If a claim like this moron’s is valid, then where does it stop? A street thug who shoots a robbery victim sues the good Samaritan or police officer whose intervention causes the gun to go off for his own emotional distress at having to do time or watching his victim bleed? Perhaps Captain Schettino should consider suing the people waving to his boat from the nearby shore which apparently caused him to divert the Costa Concordia into the rocks that sank his ship, killing several dozen people. Couldn’t he claim that their conduct ultimately have caused him emotional distress? And he’s likely going to have that whole “loss of liberty” claim to raise because of his probable incarceration. That’s the new tort law idea…even when your own personal conduct and actions cause death or destruction, just claim “it’s not my fault” and find someone else to whom you can pass the responsibility, and sue them for your own damages over the incident where you injured or killed someone else.

At least I’m happy to say that in Mr. Ruiz’ case, he filed his lawsuit himself, so we can’t blame this poppycock on some sleazy ambulance-chasing attorney.

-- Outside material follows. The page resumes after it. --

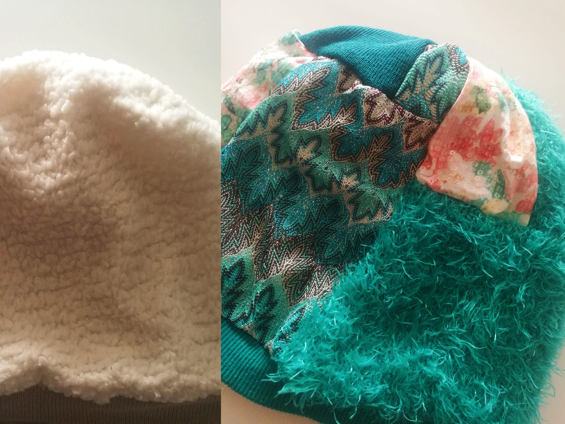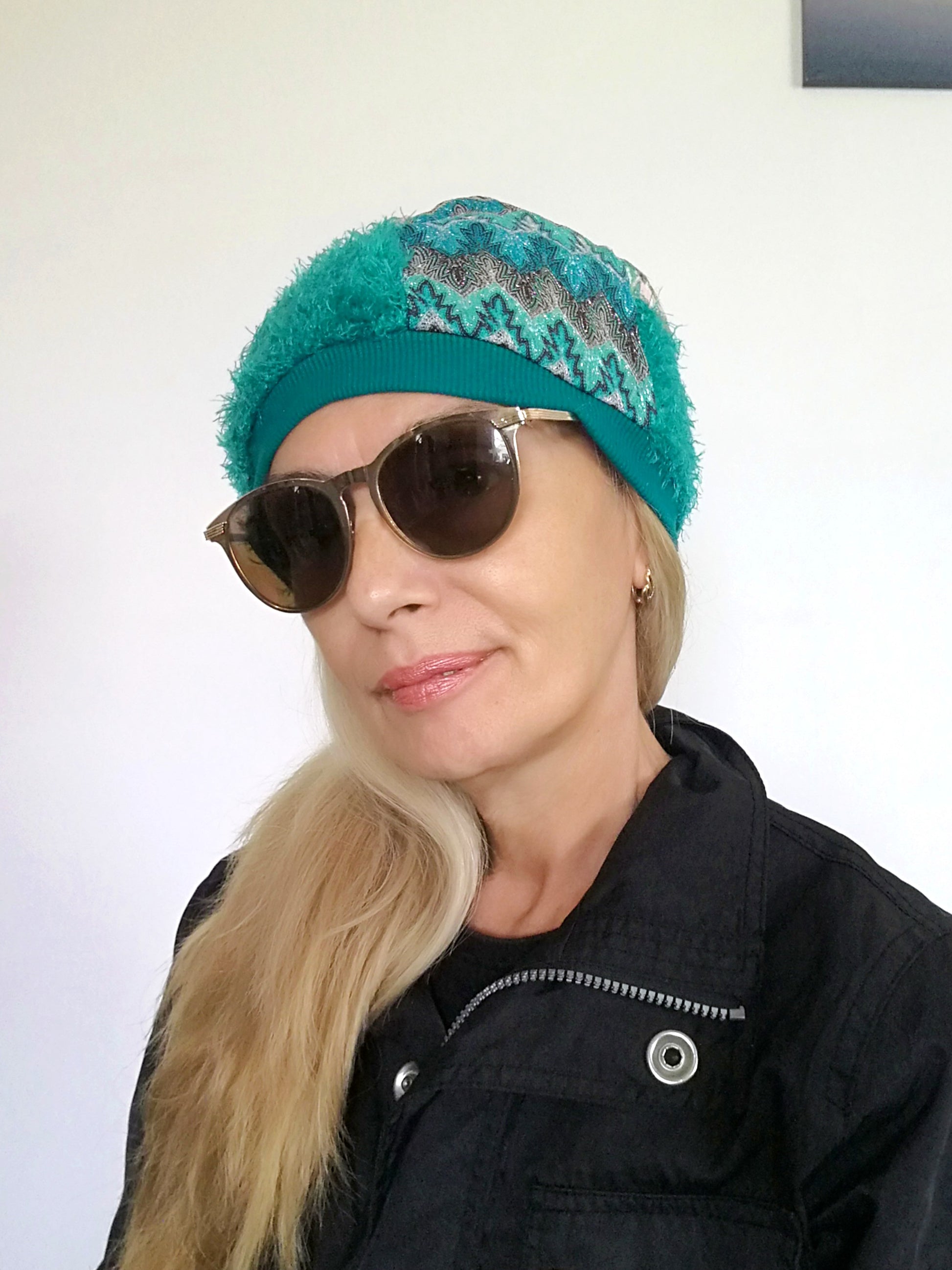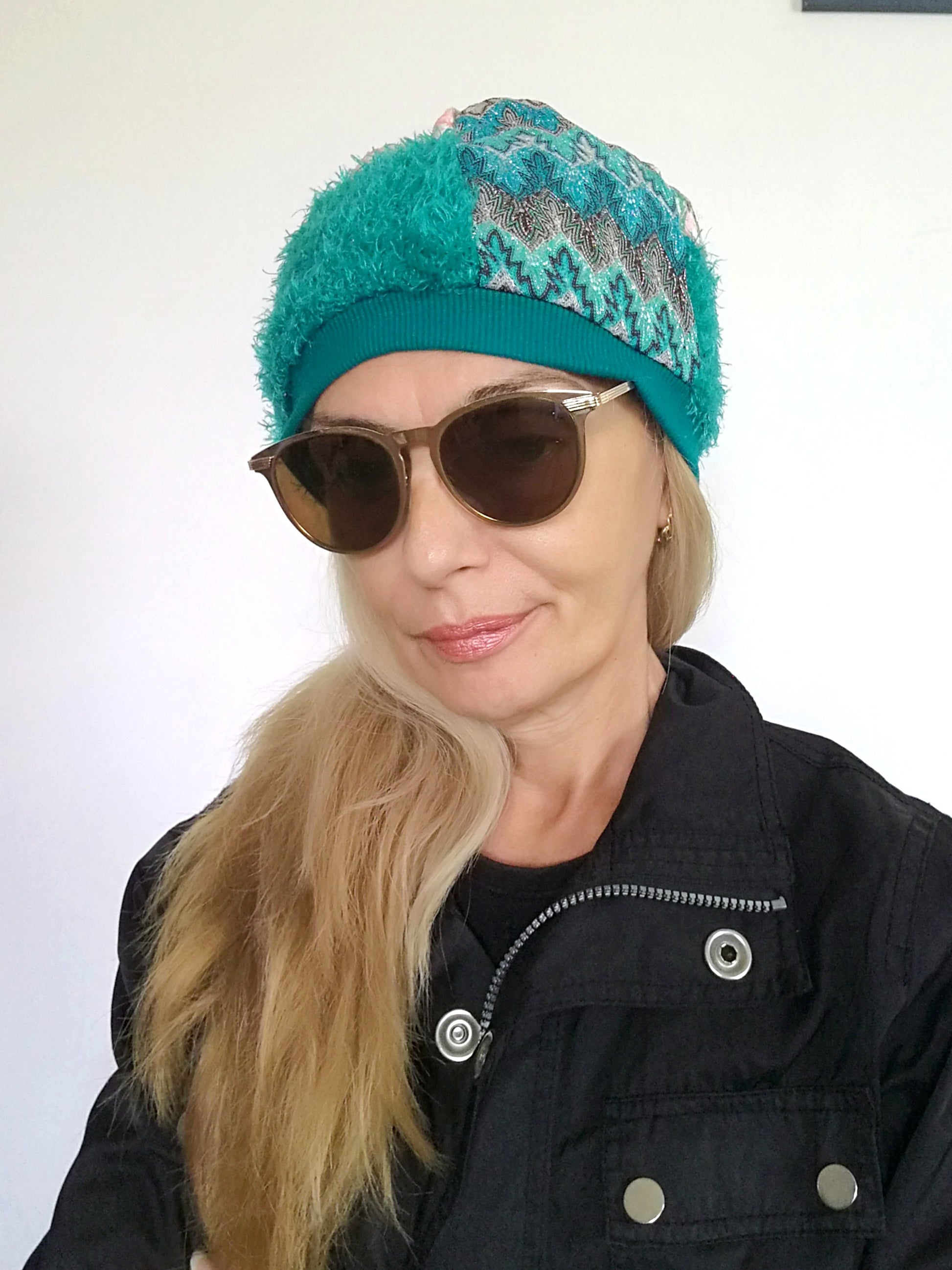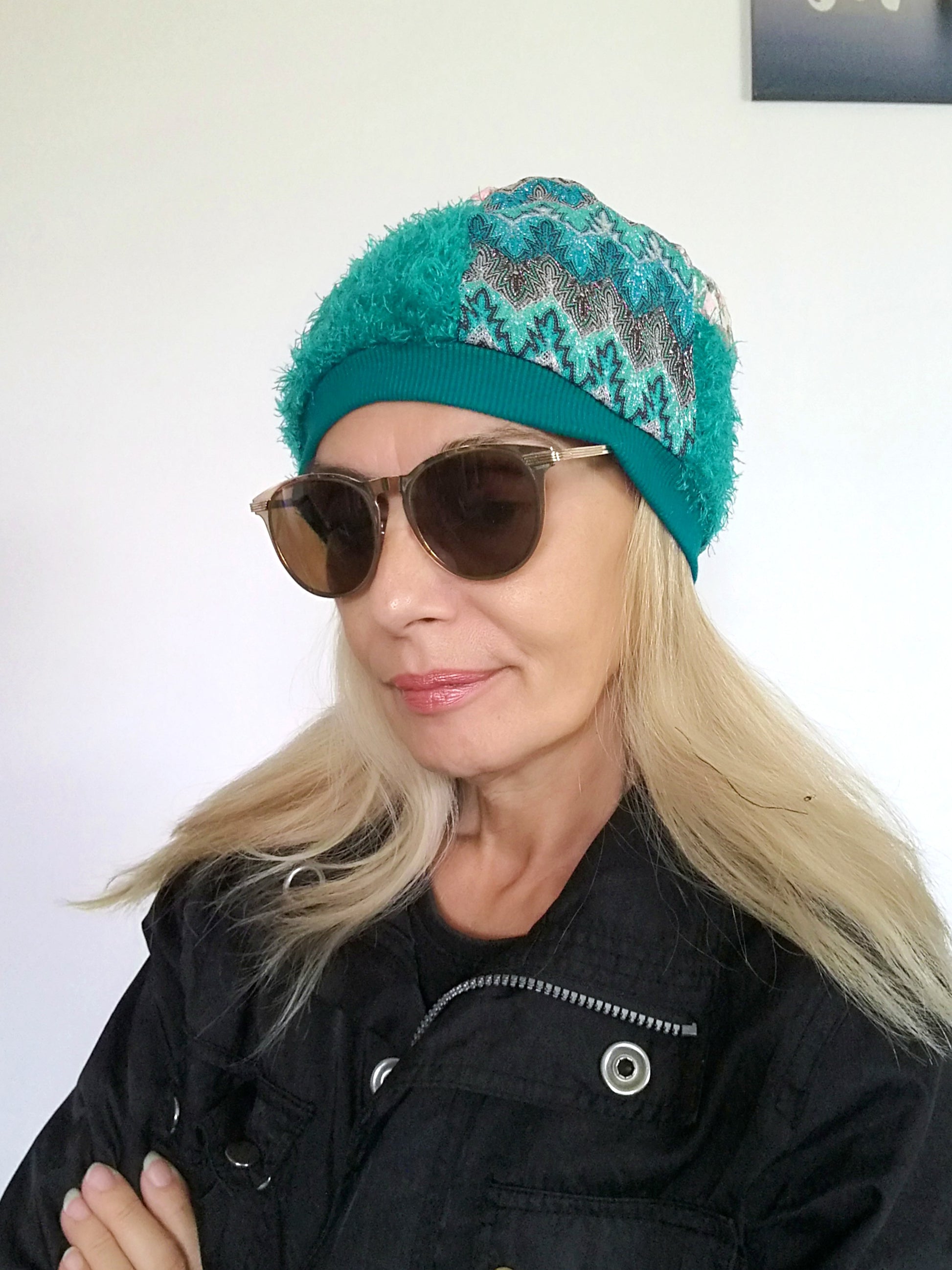 This turquoise patchwork beanie hat is designed and handmade by me.

Anheuser-Busch Faces Class Action Suit Over Allegedly Watered Down Beer

There are no limits to the imagination of “class action” attorneys who want to find an issue to raise on behalf of those little people allegedly victimized by the conduct of the big corporate defendant. As most people know, the class plaintiffs in any such suit generally each get a few bucks, or a coupon for 50% off future purchases of the product in issue, while the attorneys reel in millions of dollars in fees for representing the class. I don’t begrudge the attorneys their contingent fee — if you take the risk of litigation you should reap the reward — but class action cases just seem so inequitable because instead of an individual plaintiff receiving the bulk of any settlement or verdict, millions of “plaintiffs” really get nothing. The more troubling part are the trivial things they come up with over which to file suit. The whole idea behind bringing a class action suit over some minor issue is that it is fiscally more reasonable for the defendant to settle the claim than to litigate it. I only wish more of them really went to trial, where the proof of some actual damage is required. The latest ingenious claim is that Anheuser-Busch has “watered down” their beer. To their credit, A-B is fighting back with an advertising campaign mocking the idea that they water down their product. But what I’d really like to see is the actual trial on these claims. How do the plaintiffs march into court and assert that they were damaged by getting LESS alcohol? Are they going to claim that in order to get good and wasted they had to buy 12 beers instead of 11? That when they got pulled over for drunk driving they only blew a .07 instead of the legally required .08 to get that DUI ticket because A-B was cheating them out of alcohol? And if it is really watered down, they likely got a few less calories than expected. Are they going to assert that their beer gut just doesn’t measure up to their buddies?http://www.dreamstime.com/stock-photography-pouring-beer-image5000172

We all understand the concept that we expect to get what we paid for. If you expected your beer to be 5% alcohol and for some reason it was only 4.9%, then the seller didn’t meet their end of the bargain. No doubt about it. And I guess this is what the plaintiff lawyers here are really trying to say. But seriously, is this the kind of thing that should be tying up our legal system? This is the kind of suit that really does give lawyers a bad name. I’m upset. Think I’ll go have a beer…or maybe two.